> [WHAT YOU SHOULD DO]: Reproduce every line of the data, exactly and without its pictures.

> [DATA SEGMENT]:
- - - - - - -
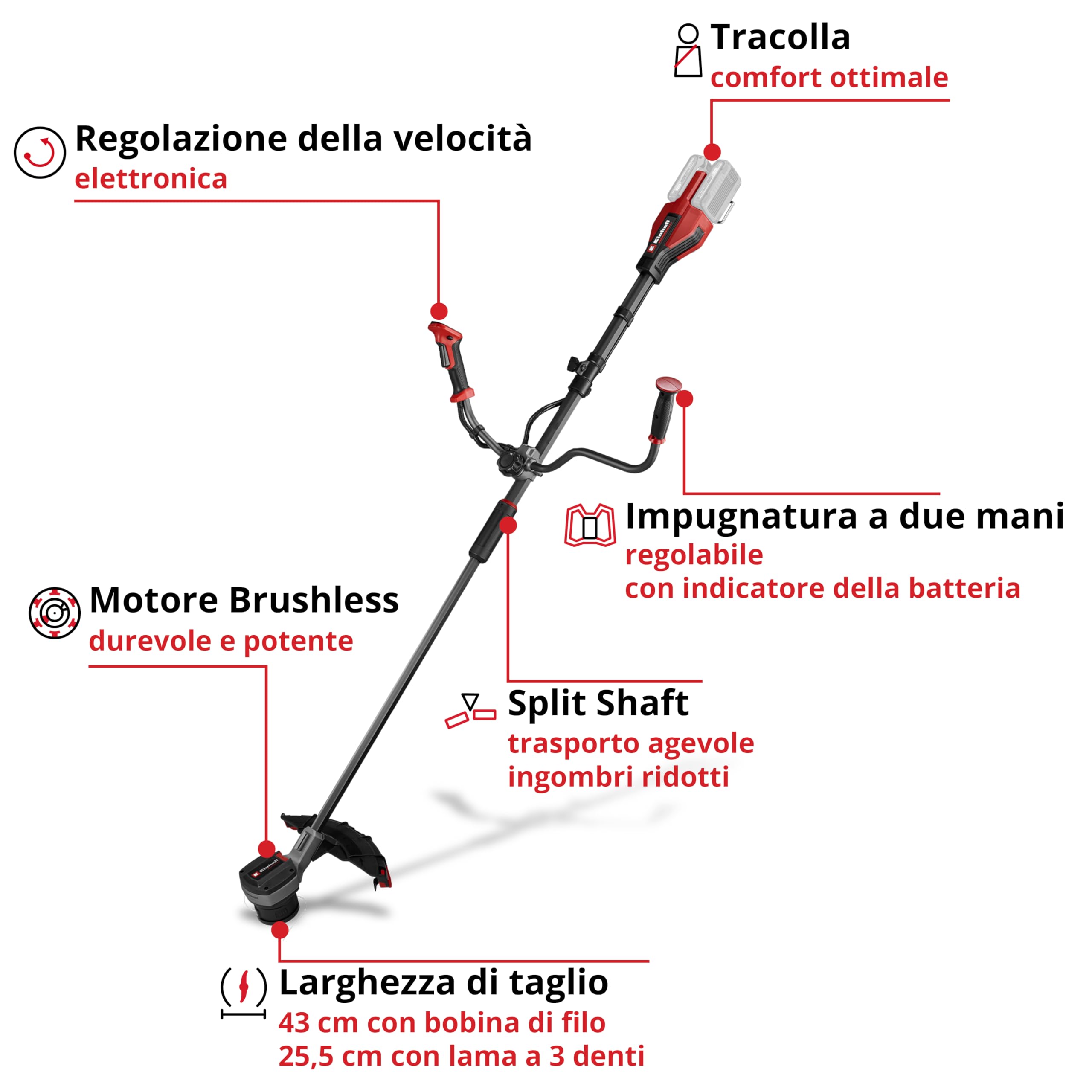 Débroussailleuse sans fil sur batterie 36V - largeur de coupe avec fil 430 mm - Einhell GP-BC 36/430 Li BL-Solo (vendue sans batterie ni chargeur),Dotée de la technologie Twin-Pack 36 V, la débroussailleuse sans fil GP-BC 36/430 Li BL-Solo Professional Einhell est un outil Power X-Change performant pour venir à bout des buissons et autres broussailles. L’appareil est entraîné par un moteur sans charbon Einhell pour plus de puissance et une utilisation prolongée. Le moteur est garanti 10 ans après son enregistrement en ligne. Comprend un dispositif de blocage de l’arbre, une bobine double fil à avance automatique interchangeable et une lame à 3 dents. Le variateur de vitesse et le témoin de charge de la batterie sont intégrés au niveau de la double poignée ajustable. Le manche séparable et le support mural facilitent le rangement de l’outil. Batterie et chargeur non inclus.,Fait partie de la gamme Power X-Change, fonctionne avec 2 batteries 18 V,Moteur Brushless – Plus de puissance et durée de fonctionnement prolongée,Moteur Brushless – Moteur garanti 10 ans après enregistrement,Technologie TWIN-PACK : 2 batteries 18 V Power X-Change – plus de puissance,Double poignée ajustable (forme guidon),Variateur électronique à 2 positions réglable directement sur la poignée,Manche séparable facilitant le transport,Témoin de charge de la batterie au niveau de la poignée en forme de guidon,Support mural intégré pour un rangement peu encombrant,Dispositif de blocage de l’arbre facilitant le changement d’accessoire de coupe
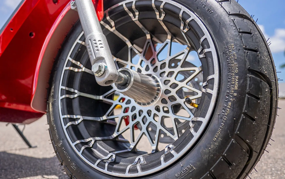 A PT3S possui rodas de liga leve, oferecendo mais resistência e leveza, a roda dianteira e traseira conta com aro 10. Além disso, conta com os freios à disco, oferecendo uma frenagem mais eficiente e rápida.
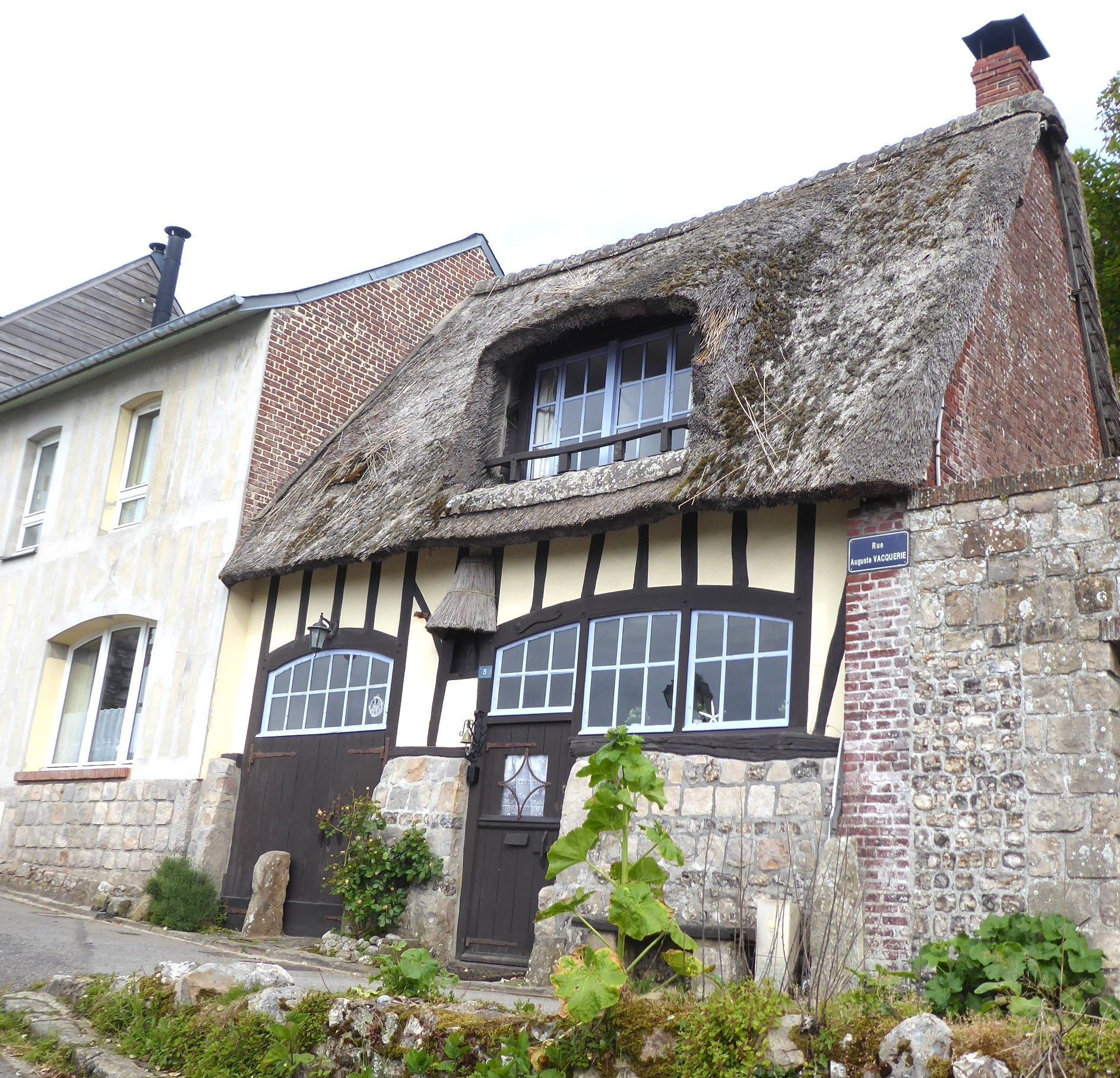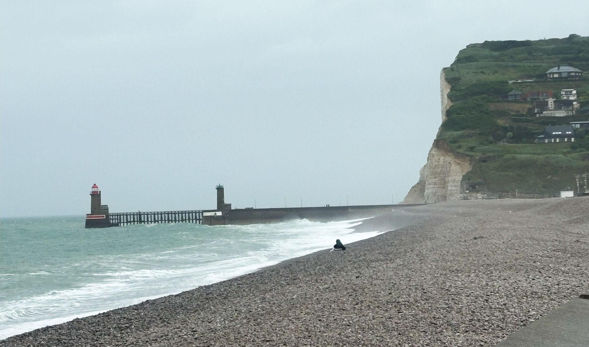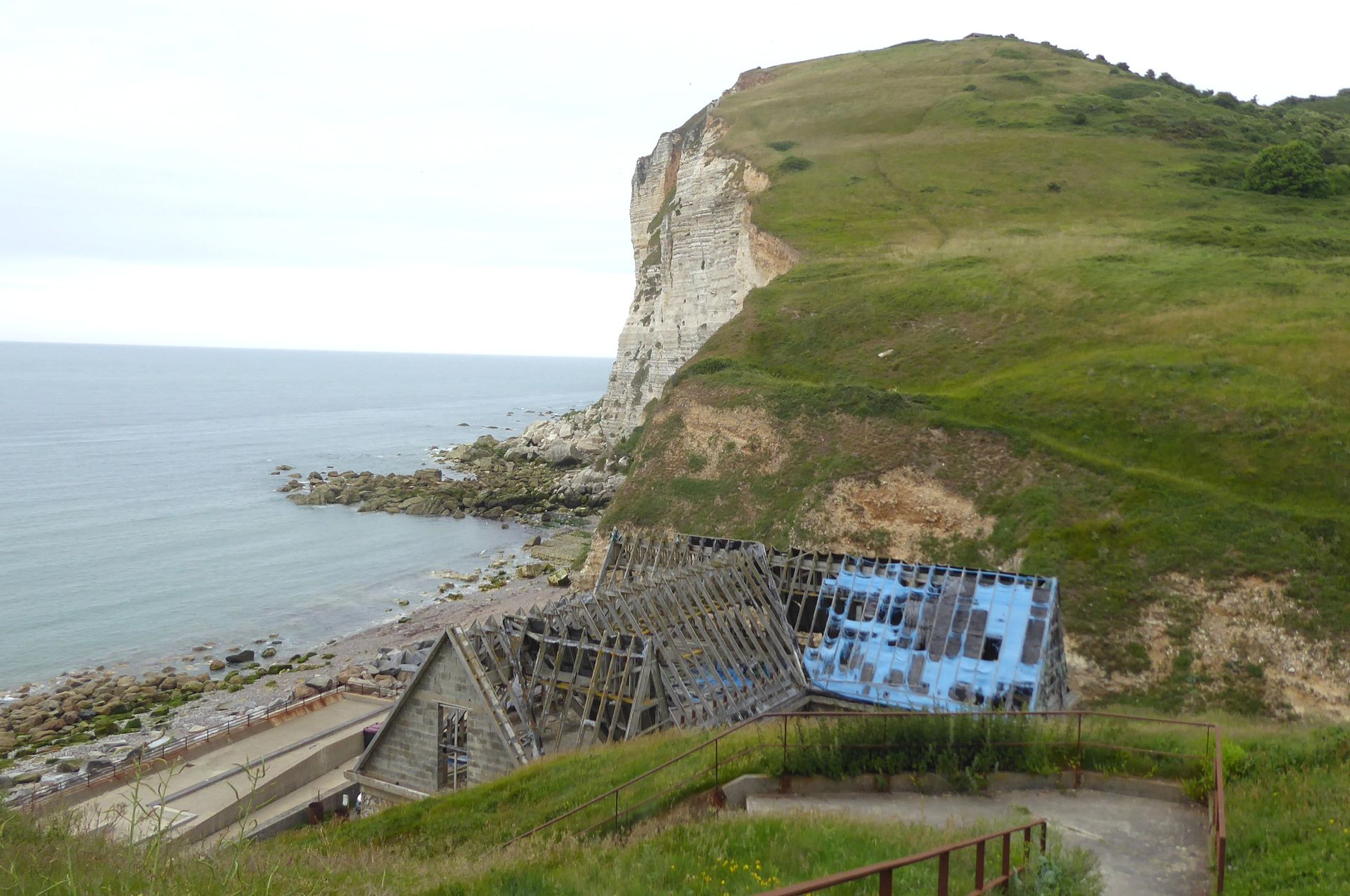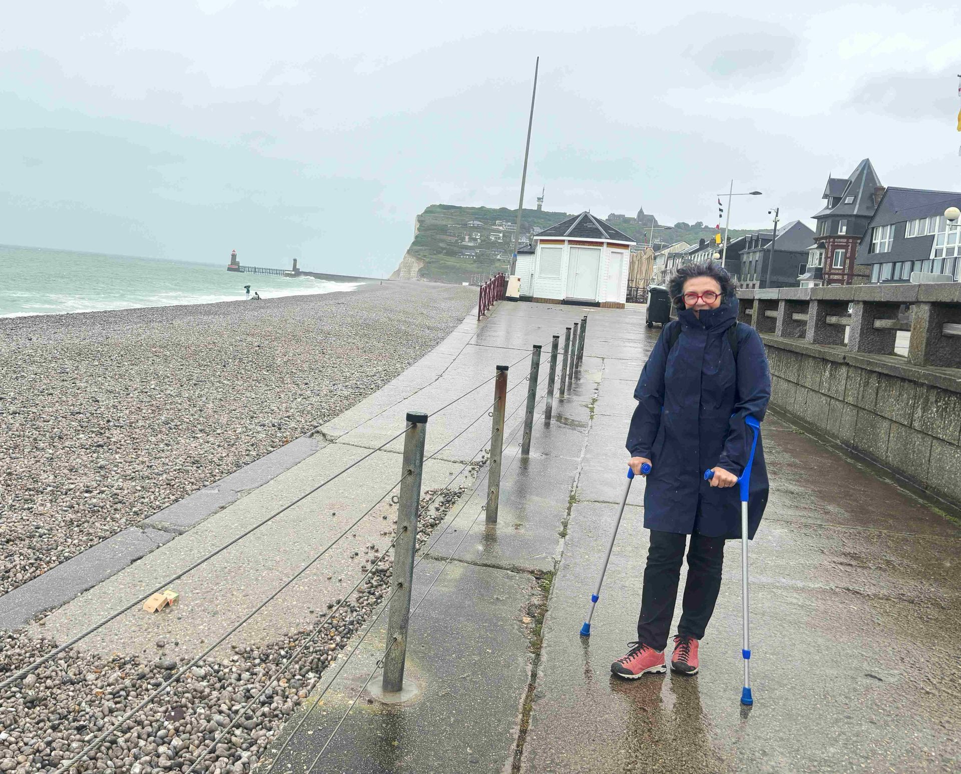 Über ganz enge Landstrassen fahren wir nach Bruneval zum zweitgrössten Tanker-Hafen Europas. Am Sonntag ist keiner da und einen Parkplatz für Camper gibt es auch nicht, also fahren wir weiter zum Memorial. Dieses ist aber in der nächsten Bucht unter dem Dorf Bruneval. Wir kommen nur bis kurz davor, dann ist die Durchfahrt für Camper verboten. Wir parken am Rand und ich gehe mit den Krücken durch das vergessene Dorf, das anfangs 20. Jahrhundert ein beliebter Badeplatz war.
- - - - - - -
> [FINISHED TASK]:
 Débroussailleuse sans fil sur batterie 36V - largeur de coupe avec fil 430 mm - Einhell GP-BC 36/430 Li BL-Solo (vendue sans batterie ni chargeur),Dotée de la technologie Twin-Pack 36 V, la débroussailleuse sans fil GP-BC 36/430 Li BL-Solo Professional Einhell est un outil Power X-Change performant pour venir à bout des buissons et autres broussailles. L’appareil est entraîné par un moteur sans charbon Einhell pour plus de puissance et une utilisation prolongée. Le moteur est garanti 10 ans après son enregistrement en ligne. Comprend un dispositif de blocage de l’arbre, une bobine double fil à avance automatique interchangeable et une lame à 3 dents. Le variateur de vitesse et le témoin de charge de la batterie sont intégrés au niveau de la double poignée ajustable. Le manche séparable et le support mural facilitent le rangement de l’outil. Batterie et chargeur non inclus.,Fait partie de la gamme Power X-Change, fonctionne avec 2 batteries 18 V,Moteur Brushless – Plus de puissance et durée de fonctionnement prolongée,Moteur Brushless – Moteur garanti 10 ans après enregistrement,Technologie TWIN-PACK : 2 batteries 18 V Power X-Change – plus de puissance,Double poignée ajustable (forme guidon),Variateur électronique à 2 positions réglable directement sur la poignée,Manche séparable facilitant le transport,Témoin de charge de la batterie au niveau de la poignée en forme de guidon,Support mural intégré pour un rangement peu encombrant,Dispositif de blocage de l’arbre facilitant le changement d’accessoire de coupe
 A PT3S possui rodas de liga leve, oferecendo mais resistência e leveza, a roda dianteira e traseira conta com aro 10. Além disso, conta com os freios à disco, oferecendo uma frenagem mais eficiente e rápida.
 Über ganz enge Landstrassen fahren wir nach Bruneval zum zweitgrössten Tanker-Hafen Europas. Am Sonntag ist keiner da und einen Parkplatz für Camper gibt es auch nicht, also fahren wir weiter zum Memorial. Dieses ist aber in der nächsten Bucht unter dem Dorf Bruneval. Wir kommen nur bis kurz davor, dann ist die Durchfahrt für Camper verboten. Wir parken am Rand und ich gehe mit den Krücken durch das vergessene Dorf, das anfangs 20. Jahrhundert ein beliebter Badeplatz war.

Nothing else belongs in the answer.